Microseismic hypocenter location using nonlinear optimization
Joe Wong
Reduced arrival times from microseismograms caused by hydraulic fracturing and recorded by borehole or surface arrays of geophones can be modeled assuming a layered-earth velocity model. These reduced times are independent of t0, the unknown clock time at which a microseismic event occurs. Ray-tracing through a layered-earth velocity model can be used to calculate arrival times from a hypocenter to the geophone arrays. Assuming that we know the velocity model, the receiver coordinates, and observed arrival times, we can use a nonlinear optimization method similar to the Levenberg-Marquardt algorithm to find the microseismic source coordinates if the array of geophones spans a sufficient solid angle relative to the source.

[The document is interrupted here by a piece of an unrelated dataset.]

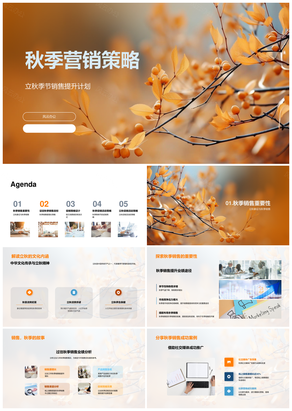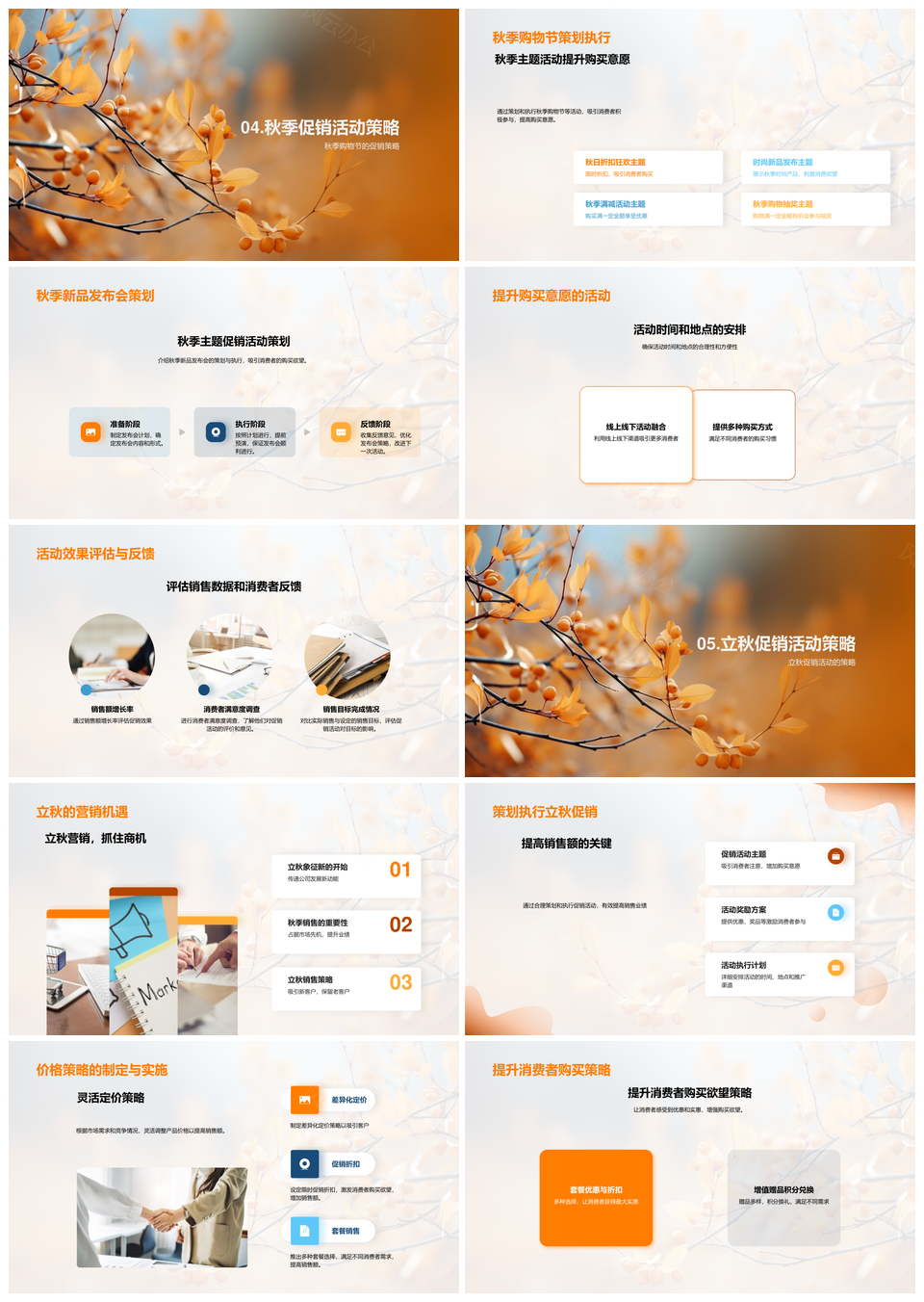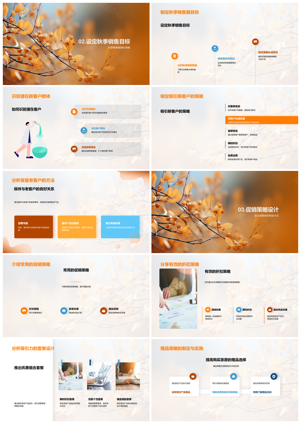 这是一张立秋金秋营销策略提升业绩新老客户促销策略PPT模板,包含立秋、金秋、营销策略、提升、业绩、新老客户、促销策略等主题内容,也可用作立秋金秋营销策略提升业绩、金秋营销策略提升业绩、营销策略提升业绩新老客户、提升业绩新老客户促销策略、立秋金秋新老客户促销策略、金秋营销策略提升、营销策略提升业绩、提升业绩新老客户、新老客户促销策略、立秋金秋促销策略、立秋金秋营销策略、金秋提升业绩新老客户、营销策略新老客户促销、提升促销策略业绩、立秋金秋提升业绩等PPT场景使用。 风云办公提供的立秋金秋营销策略提升业绩新老客户促销策略PPT模板,下载格式为pptx,一共28页,作品中文字及图均可以修改和编辑,图片更改请在作品中右键图片并更换,文字修改请直接点击文字进行修改。
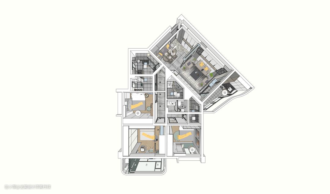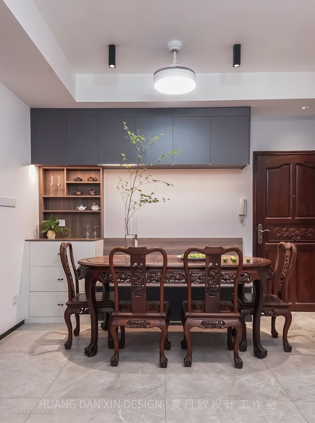 在我看来,设计私宅,其实就是帮委托方设计未来的生活,在工作中能认识这么多家庭,并了解他们的故事,他们的希翼,并跟业主一起互相成就,真的是很幸福的一件事。 这个项目,承载了业主特别多的期待,大致介绍一下项目的背景和改造需要解决的问题: 1.房子是楼龄十几年,格局为三房一厅一厨两卫的的异形结构旧房,原是业主一家的自住房,装修后要作为婚房,并且满足未来三代同堂的舒适居住。 2.因为家人有囤货的习惯,储物空间严重不足,另外业主爸妈有不少中式收藏品,也需要想好如何展示。 3.业主希望房子装修之后,能够扩大厨房,并且保留两个卫生间,其中一个要四分离,但是该房子卫生间没有降板,为了保证无障碍,不能抬高地面。 4.业主父母要求保留家里用了十几年的花梨木家私,但是业主却并不喜欢传统中式的空间氛围,偏向于现代风格。 5.居住升级方面的要求,电器设计考虑周全,并做了全屋智能化和净水处理。 我通过分析空间结构,对空间格局进行重新规划,梳理生活动线,并精准建模,考虑到各个收口细节,并绘制全套的施工图纸,后期在业主和施工方,监理方多方的共同努力下,让设计一一落地,创造出业主“想要的生活”。

The location of hypocenters requires that the velocities in the layered-earth model be known. In real-world microseismic surveys, arrival times observed from a perforation shot in the treatment well are used to calibrate the velocity values. If the perforation shot location, the geophone coordinates, and layer depths are known, the model velocities can be ascertained. Synthetic arrival- time data created by ray-tracing were used in a simulation of velocity calibration. An objective function equal to the RMS misfit between synthetic observed and calculated arrival times was created. The required velocity values were found by using search schemes such as the genetic algorithm and pattern search to minimize the arrival time misfit. For this simulation, the search method performed better than the modified LM technique and the genetic algorithm.